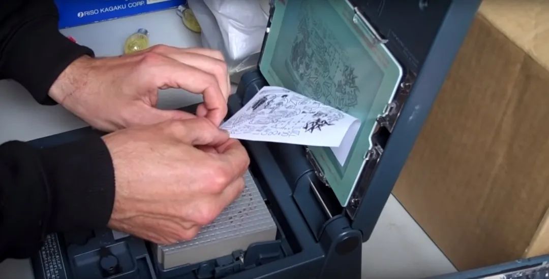 就是这个机器,它每次就只能印图片中的那么一小片,因此一张海报需要由25片拼接而成,如果其中某一片表现得不太理想,整张海报就作废咯。所以仅仅是上面那几幅花朵的海报就尝试制作了100版。过来帮忙的大学生手指头都要折了。
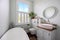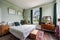 Single aspect double room with marble fireplace and storage. Private small WC and sink. .Double bed, chest of drawers and mirror, built in cupboard. Furnished or can bring own desk if preferred.
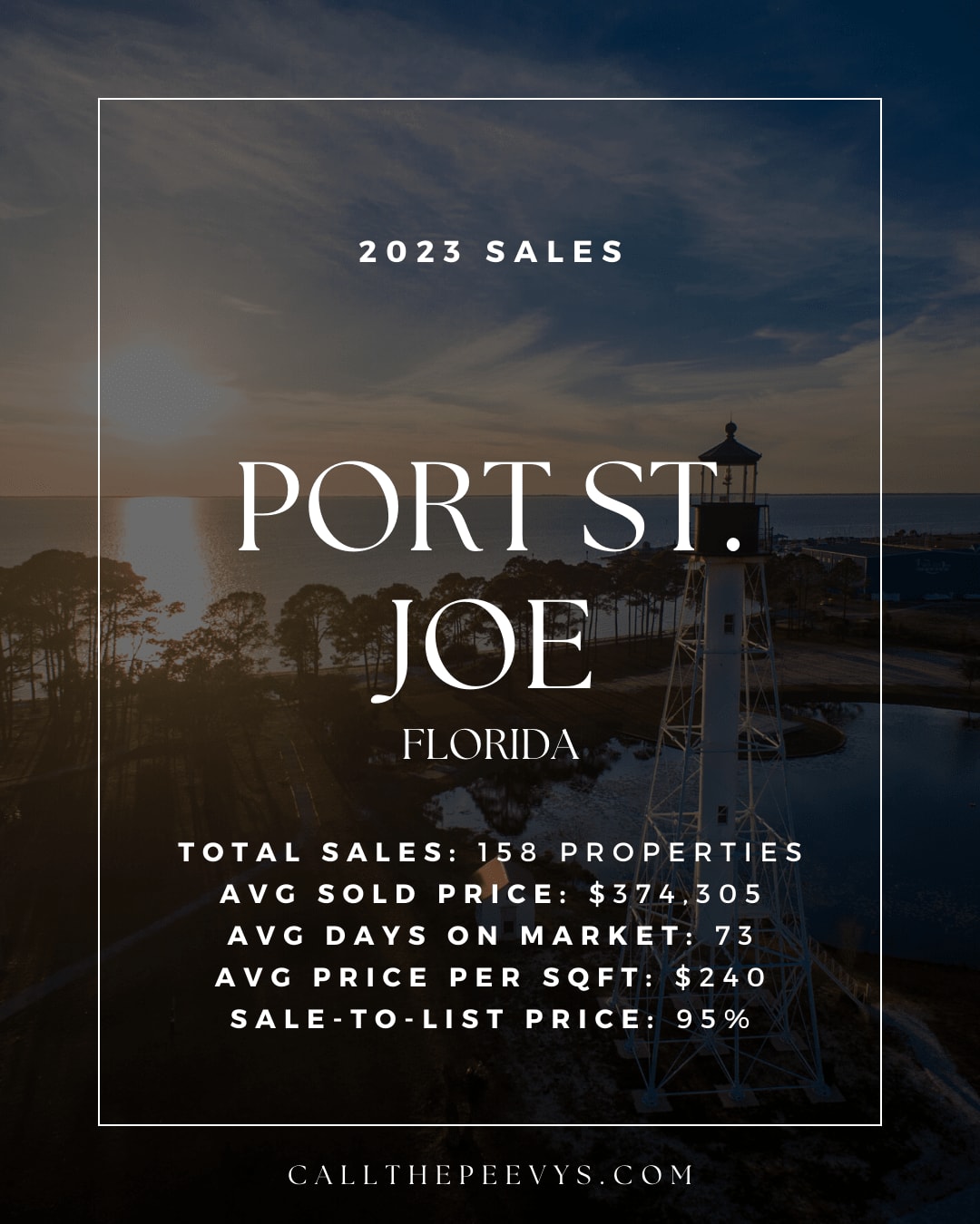 With its historic charm and waterfront allure, Port St. Joe remains a sought-after destination for real estate. The market here in 2023 showcased a thriving community with a love for coastal living. Residents engage in water sports, visit the local marina, and explore the historic downtown, creating a rich and vibrant lifestyle. Port St. Joe saw 158 total sales in its market for 2023 with an average sale price of just shy of $375,000. The average days on market was 73 days, and the highest priced sale in Port St. Joe was $1,175,000 for 2023!
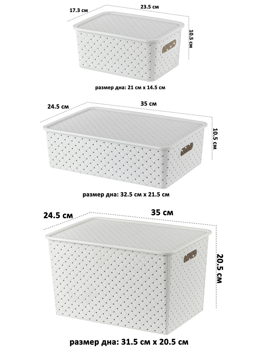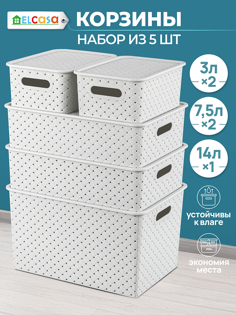 Корзинка, коробка для хранения, с крышкой 5шт Береста 3 л (2 шт), 7,5 л (2 шт), 14 л EL Casa, цвет светло-серый, набор: сравнение цен, характеристики, фото, актуальное наличие и цены.
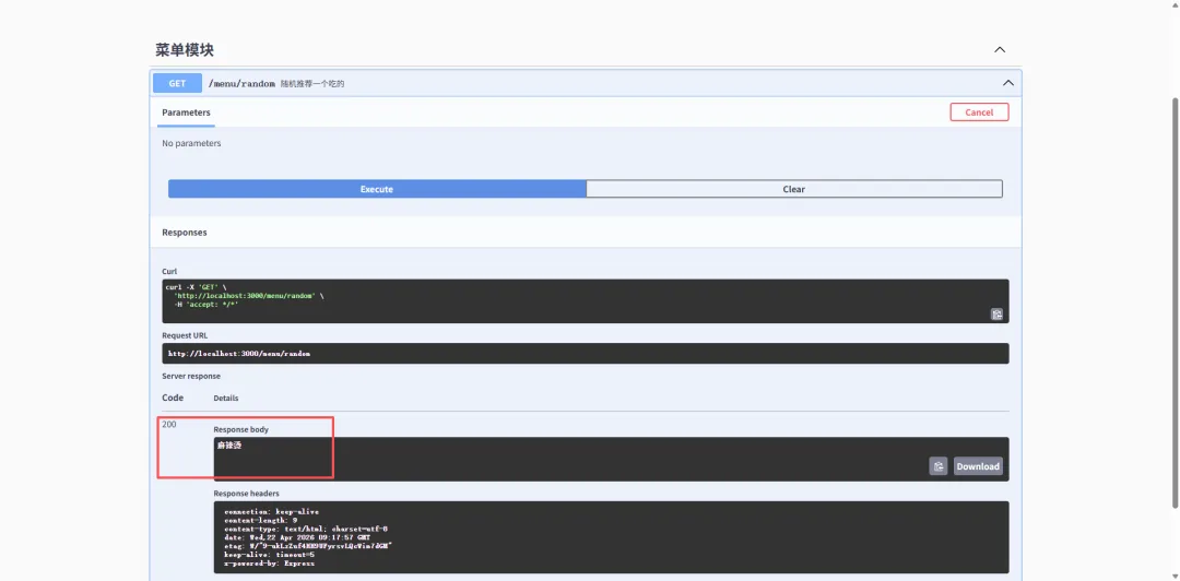 👉 接口名字也变成“随机推荐一个吃的”
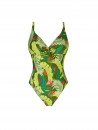 Maillot une pièce Nageur en maille imprimée végétal avec bonnets noués à l'entregorge pour régler la profondeur du décolleté.
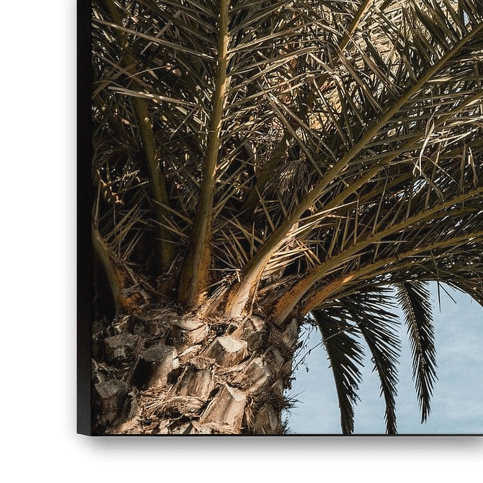 Cette photo ensoleillée d'un palmier à Albufeira, au Portugal, montre le gracieux éventail de feuilles courbées qui s'étendent sur un ciel clair. La lumière chaude accentue les verts éclatants et la texture des feuilles, tandis qu'un second palmier apparaît subtilement à l'arrière-plan. La photo dégage une atmosphère détendue et tropicale, évoquant des souvenirs de journées d'été et de voyages en Méditerranée. Une œuvre d'art élégante et fraîche qui s'intègre parfaitement dans les intérieurs à l'ambiance naturelle ou bohème.
======
WORK ITEM. Skip the pictures, please, and transcribe only the lines from the beginning of the material through the one that contains "Single aspect double".

THE COMPLETED TASK.
 就是这个机器,它每次就只能印图片中的那么一小片,因此一张海报需要由25片拼接而成,如果其中某一片表现得不太理想,整张海报就作废咯。所以仅仅是上面那几幅花朵的海报就尝试制作了100版。过来帮忙的大学生手指头都要折了。
 Single aspect double room with marble fireplace and storage. Private small WC and sink. .Double bed, chest of drawers and mirror, built in cupboard. Furnished or can bring own desk if preferred.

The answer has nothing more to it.